**Problem:** Range to repeat from the listing below: the line containing "Men’s Baltimore Orioles" down to the line containing "- Тумба: Aquanet", both included. Copy it exactly, pictures excluded, and add nothing else.

**Provided data:**
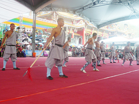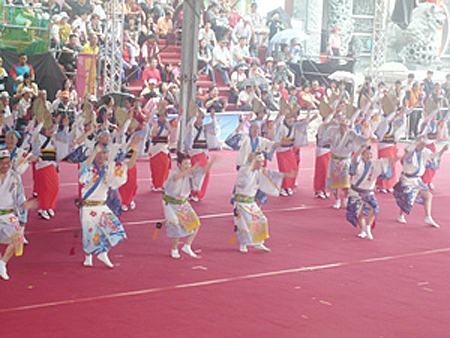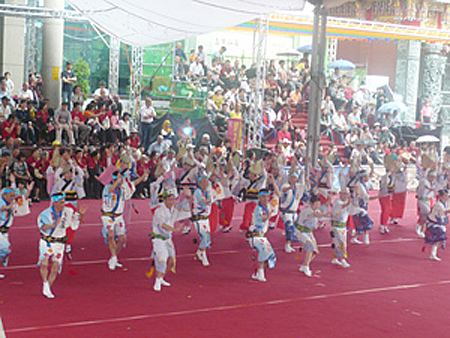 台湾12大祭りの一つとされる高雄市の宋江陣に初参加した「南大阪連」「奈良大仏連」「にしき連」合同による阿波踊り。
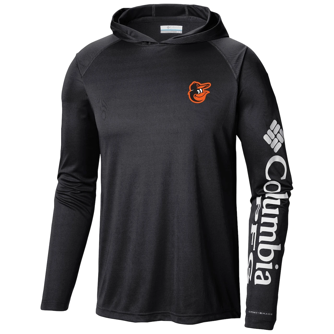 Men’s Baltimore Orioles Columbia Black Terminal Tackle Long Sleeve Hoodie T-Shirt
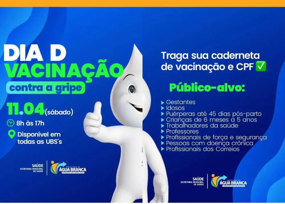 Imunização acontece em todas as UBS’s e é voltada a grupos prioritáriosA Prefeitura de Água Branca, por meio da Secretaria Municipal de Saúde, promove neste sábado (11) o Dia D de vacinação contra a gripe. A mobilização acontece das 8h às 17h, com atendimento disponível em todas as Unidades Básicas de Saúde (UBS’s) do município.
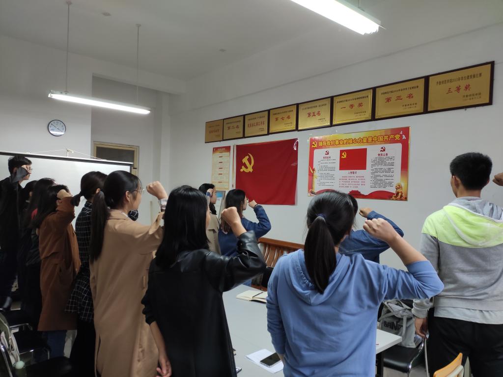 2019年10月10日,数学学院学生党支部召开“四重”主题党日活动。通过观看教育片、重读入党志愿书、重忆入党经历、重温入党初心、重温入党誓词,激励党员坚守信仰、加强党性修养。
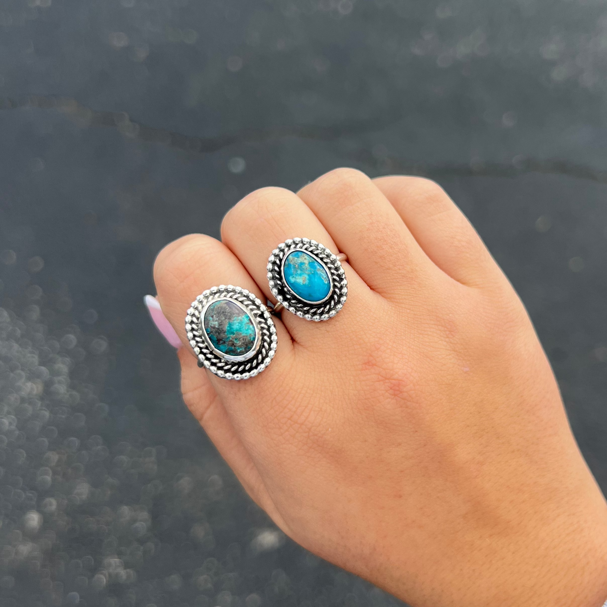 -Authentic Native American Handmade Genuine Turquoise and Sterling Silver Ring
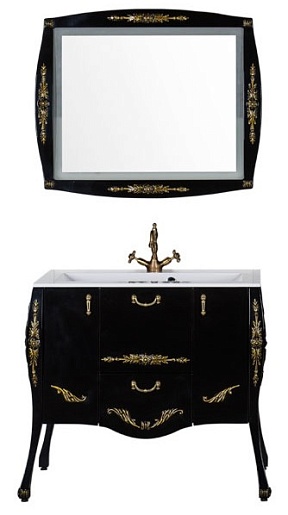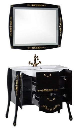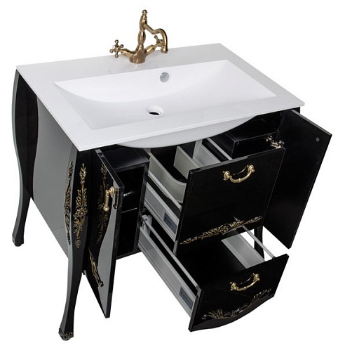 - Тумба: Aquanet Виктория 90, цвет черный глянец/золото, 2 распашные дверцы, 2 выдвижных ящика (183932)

* * *

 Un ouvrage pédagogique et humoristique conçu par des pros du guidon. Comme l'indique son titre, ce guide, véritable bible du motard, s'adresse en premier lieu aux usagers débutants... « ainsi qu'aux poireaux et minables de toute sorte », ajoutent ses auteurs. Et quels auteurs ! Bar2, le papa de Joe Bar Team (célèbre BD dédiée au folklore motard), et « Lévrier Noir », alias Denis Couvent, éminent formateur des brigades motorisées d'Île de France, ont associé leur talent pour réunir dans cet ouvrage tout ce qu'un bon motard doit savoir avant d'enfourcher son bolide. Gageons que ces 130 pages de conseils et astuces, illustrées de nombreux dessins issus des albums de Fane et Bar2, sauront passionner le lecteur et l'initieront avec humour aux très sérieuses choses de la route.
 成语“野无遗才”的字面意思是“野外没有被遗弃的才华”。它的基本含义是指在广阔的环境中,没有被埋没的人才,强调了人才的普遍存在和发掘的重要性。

**Task answer:**
 Men’s Baltimore Orioles Columbia Black Terminal Tackle Long Sleeve Hoodie T-Shirt
 Imunização acontece em todas as UBS’s e é voltada a grupos prioritáriosA Prefeitura de Água Branca, por meio da Secretaria Municipal de Saúde, promove neste sábado (11) o Dia D de vacinação contra a gripe. A mobilização acontece das 8h às 17h, com atendimento disponível em todas as Unidades Básicas de Saúde (UBS’s) do município.
 2019年10月10日,数学学院学生党支部召开“四重”主题党日活动。通过观看教育片、重读入党志愿书、重忆入党经历、重温入党初心、重温入党誓词,激励党员坚守信仰、加强党性修养。
 -Authentic Native American Handmade Genuine Turquoise and Sterling Silver Ring
 - Тумба: Aquanet Виктория 90, цвет черный глянец/золото, 2 распашные дверцы, 2 выдвижных ящика (183932)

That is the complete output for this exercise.